The data bits are organized on each memory chip in an address system that allows the CPU to retrieve data from any address, thus Random Access Memory. Each bit in a computer's memory has a unique address, which is identified with a specific number. The bits are arranged in a rectangular grid of rows and columns, so the first part of the address identifies the row in which the bit is located, and the second part identities the column.
In order to preserve the memory's state, the memory controller must constantly refresh the charge on the capacitors. RAM that receives a refresh charge many times per second is called dynamic RAM, or DRAM.
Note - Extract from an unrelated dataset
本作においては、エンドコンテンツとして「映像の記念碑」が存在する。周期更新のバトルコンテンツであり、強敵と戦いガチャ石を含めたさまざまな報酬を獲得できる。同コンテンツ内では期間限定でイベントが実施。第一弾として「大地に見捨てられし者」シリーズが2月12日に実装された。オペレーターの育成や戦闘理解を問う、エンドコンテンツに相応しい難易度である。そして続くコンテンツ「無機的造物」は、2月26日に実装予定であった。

The alternative to DRAM is static RAM, or SRAM. In SRAM, the circuit uses several transistors to set the state of each bit. Once the bit state is set, it does not change, as long as the transistors are continue to receive power, so there is no need for any refresh charge. The memory clears itself when the computer is turned off. Static ram is faster than DRAM, but it's also more expensive because it uses more transistors. The L1 and L2 cache in a CPU chip are normally SRAM because speedy access is the most important characteristic of cache memory, but it's less practical for the much larger main memory.
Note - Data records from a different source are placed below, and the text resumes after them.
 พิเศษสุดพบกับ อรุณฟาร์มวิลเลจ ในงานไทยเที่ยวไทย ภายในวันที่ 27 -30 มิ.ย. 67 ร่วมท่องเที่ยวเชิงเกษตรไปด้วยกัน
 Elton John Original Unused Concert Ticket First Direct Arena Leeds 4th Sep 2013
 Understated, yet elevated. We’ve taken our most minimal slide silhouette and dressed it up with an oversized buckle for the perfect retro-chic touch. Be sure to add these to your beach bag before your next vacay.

See Chapter 6 for more about L1 and L2 cache memory.
In the earliest personal computers, the individual memory-integrated circuits were mounted directly on the motherboard, but as the amount of memory that a computer could use increased, it became more practical to package memory chips on separate smaller printed circuit boards, or modules, that could mount onto the motherboard through a card-edge connector and a socket. This modular approach made it possible to fit more memory into the same amount of space on the motherboard and to easily increase the size of the system memory by adding or replacing one or more modules.
All of the memory modules that are compatible with your computer's motherboard have the same physical dimensions, so it's easy to remove a module with a small capacity and replace it with a bigger one (bigger capacity, that is), up to the maximum amount of memory your computer can use. The smallest memory modules you're likely to find for a new computer contain 256MB of RAM. The capacity increases in multiples of 256MB, with 512MB, 1GB (1024MB), and 2GB the most common. If you're upgrading a computer with an older motherboard, you might also find modules with 64MB or 128MB (but if your computer is that old, it might be more cost-effective to simply replace it with a new one-memory modules for those old computers are often very expensive).